Prestes a completar uma semana da ocupação, o reitor Anísio Brasileiro e o vice-reitor Silvio Romero divulgaram uma carta aberta à população para esclarecer as causas do movimento nesta quarta-feira. O acampamento na sede da gestão da unidade de ensino foi motivado pela não aprovação do novo Estatuto da Universidade por parte do Conselho Universitário. O documento começou a ser elaborado em 2013 seguindo critérios democráticos com a participação de mais de mil pessoas distribuídas de forma equivalente entre docentes, técnicos e estudantes. Durante dois anos, foram feitas audiências e debates para estabelecer as normas que regem todas as atividades da instituição, desde a criação de currículo até o material de logística.

A polêmica gira em torno da paridade das decisões de gestão. Os estudantes pedem a participação de docentes, estudantes e técnicos de forma igualitária. Atualmente, a comissão é composta em 70% por docentes, 15% por técnicos e 15% por alunos.

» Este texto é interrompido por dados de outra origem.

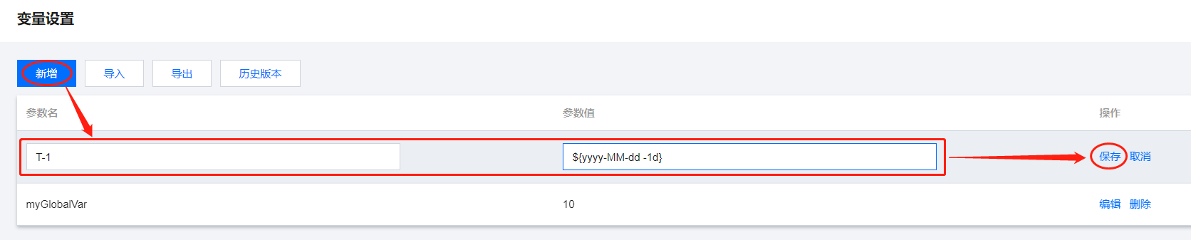 例如:新增一个获取前一天日期参数变量。
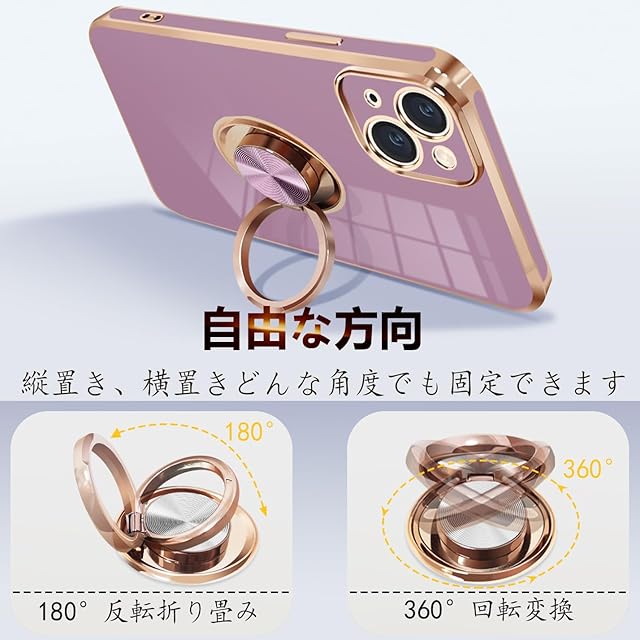 商品名:iPhone15 Plus ケース リング付き アイフォン15Plus リング カバー 耐衝撃 TPU 360°回転 スタンド機能 メッキ加工 車載ホルダー ストラップホール付き 6.7インチ(パープル)

O Conselho Universitário rejeitou o texto correspondente à paridade porque, segundo a UFPE, ela não encontra amparo, do ponto de vista legal, na Lei de Diretrizes e Bases da Educação (LDB), que determina que o corpo docente responda por 70% dos órgãos colegiados. O Estatuto da Universidade em vigor na UFPE, atualmente, foi homologado em 1979 e, desde então, já sofreu mais de 300 modificações.

Ainda nesta quarta-feira, a UFPE emitiu nota informando que a ocupação compromete a realização de atividades administrativas, como a implantação de benefícios, incentivo à qualificação, progressão docente e auxílios na folha de pagamento de outubro dos servidores técnicos administrativos e docentes, ativos e inativos, bem como dos pensionistas. No documento, a gestão adianta que, caso estas informações não sejam lançadas em tempo hábil, as vantagens não serão implantadas no contracheque de outubro. Até o momento, já teriam sido afetados os pagamentos dos contratos de terceirização, obras, fornecimento de bens e serviços, repasse de recursos para financiamento de pesquisas, bem como parte das bolsas estudantis.

A assessoria da Polícia Federal informou que os dois detidos durante a confusão na desocupação são Robério Siqueira Pinto, 25 anos, natural de Paulista, professor; e Thaís Cavalcanti Bezerra, 20 anos, estudante do Cabo de Santo Agostinho. Ambos foram autuados através de um Termo Circunstanciado de Ocorrência (TCO) pelo crime contido no artigo 329 do Código Penal, “por terem se oposto a execução de ato legal, mediante violência ou ameaça a funcionário competente para executá-lo”.